1. Field of the Invention
The present invention is related to a transmission speed predicting apparatus and a transmission speed predicting method, and more particularly, is applicable to a communication terminal of a digital type portable telephone system, and also to a transmission speed predicting method in this communication terminal.
2. Description of the Related Art
Recently, as a wireless connection system between a base station and communication terminals, which constitute a digital type portable telephone system, there is such a wireless communication system called the code division multiple access (CDMA) system.

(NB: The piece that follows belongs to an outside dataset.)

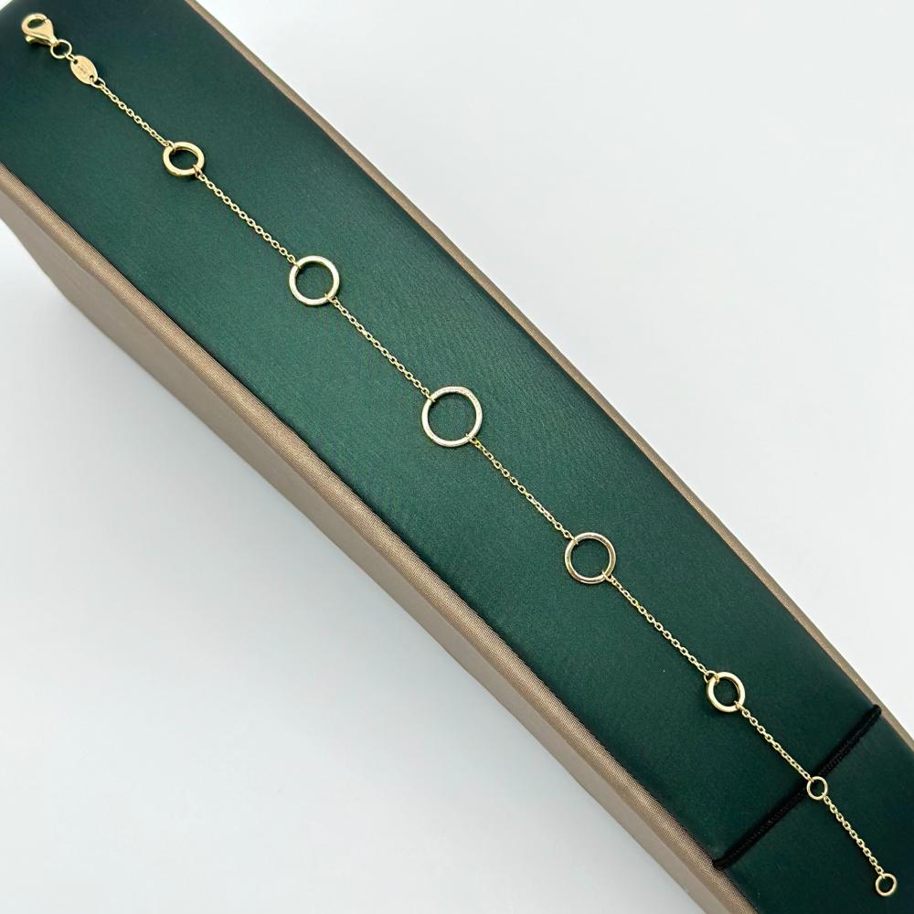 تعبر هذه الأسوارة الساحرة عن فن الجمال والأناقة بأبهى صورة، فهي قطعة فريدة من نوعها تمزج بين الأناقة الكلاسيكية والتصميم العصري. تتألق هذه الأسوارة ببريق الذهب الخالص عيار 18، حيث تتجلى جماليتها في شكل دوائر متفرقة تتألق بلمعان رائع. إنها قطعة مذهلة تعكس روعة حرفية مجوهرات الشلوي، وتضيف لمسة ساحرة من الجمال إلى أي إطلالة.✨

In the CDMA system, one transfer speed (hereinafter, referred to as "wireless transfer speed") of data used in wireless sections between a base station and communication terminals is defined as, e.g., 19,200 bps. Also, another transfer speed (hereinafter, referred to as "transmission processing speed") used in a processing executed within the base station when data is transmitted (hereinafter, referred to as "transmission processing") is defined to be 1/n ("n" being an arbitrary integer value) of the wireless transfer speed, e.g., four types of 9,600 bps, 4,800 bps, 2,400 bps, and 1,200 bps in order that this transmission processing speed is switched in response to line qualities of the base station and data qualities used therein.
On the other hand, in a communication terminal of a portable telephone system to which such a CDMA system has been applied, every time the transmission processing speed of 9,600 bps used in a transmission processing is successively lowered to such lower transfer speeds of 4,800 bps, 2,400 bps, and 1,200 bps, amounts of data produced by these lower transmission processing speeds are successively reduced. As a result, in the communication terminals, such data produced at the transmission processing speeds lower than 9,600 bps is repeatedly transmitted plural times previously set by an arbitrary number in such a manner that the data amounts produced by these lower transmission processing speeds are apparently equal to the data amount produced by the transmission processing speed of 9,600 bps. In other words, the communication terminals execute the different transmission processing from each other every time the transmission processing speed under use is changed.
As a consequence, for example, when one communication terminal receives data transmitted via the base station from another communication terminal, the communication terminal is required to process this received data (hereinafter, referred to as "reception processing") at the same transfer speed (hereinafter, referred to as "reception processing speed") as the transmission processing speed of the received data. However, normally, in the case that data is transmitted from a communication terminal, the communication terminal transmits this data without adding information about a transmission processing speed used in the communication terminal.
As a result, the communication terminal may execute the four types of reception processing using the same reception processing speeds as the above-described four types of transmission processing speeds with respect to the received data. Also, the communication terminal may predict a transmission processing speed of the received data based upon the various sorts of information acquired by these reception processing, and then may select data acquired by the reception processing using the reception processing speed substantially equal to the predicted transmission processing speed among the four types of data acquired in the four types of reception processing.
In an actual communication terminal, a cyclic redundancy check (CRC) code is added as an error detection code to a data to be transmitted in order that when the data is received, the error detection of this received data is executed, and then based on the result of this error correction, a transmission processing speed may be predicted. However, in general, the CRC code is added only to such data produced at the relatively higher transmission processing speeds, i.e., 9,600 bps and 4,800 bps. As a result, in the case that such data produced at the transmission processing speeds of 2,400 bps and 1,200 bps is received by a communication terminal, there is a problem that this communication terminal can hardly predict the transmission processing speeds of 2,400 bps and 1,200 bps.
Also, in a communication terminal, data is convolution-coded to be transmitted while a transmission processing is carried out. Every time this received data is processed by the four types of reception processing, the Viterbi-decoding operations are performed. Then, this communication terminal may predict a transmission processing speed based upon the most likelihood pathmetric values (namely, values expressed by numerically processing certainties of data series obtained by decoding) of data series acquired during the Viterbi-decoding operations. As to each of the four types of reception processing, this communication terminal compares polarity information corresponding to the data obtained before being Viterbi-decoded with polarity information corresponding to such data which is obtained by again convolution-coding the Viterbi-decoded data to thereby acquire the incoincident number of the polarity information ("1", or "0"). Thus, this communication terminal may predict this incoincident number of the polarity information as the number of errors occurred in the Viterbi-decoded data, and then may predict a transmission processing speed based on this error number (hereinafter, referred to as "predicted error number").
However, when a relatively large number of errors are produced in data decoded by the Viterbi-decoding operation in communication terminals, there are two possibilities. That is, the most likelihood pathmetric values acquired by executing the four types of reception processing are substantially equal to each other. Furthermore, the predicted error numbers acquired by executing the four types of reception processing are substantially equal to each other. In these possible cases, it is difficult to predict the transmission processing speed correctly.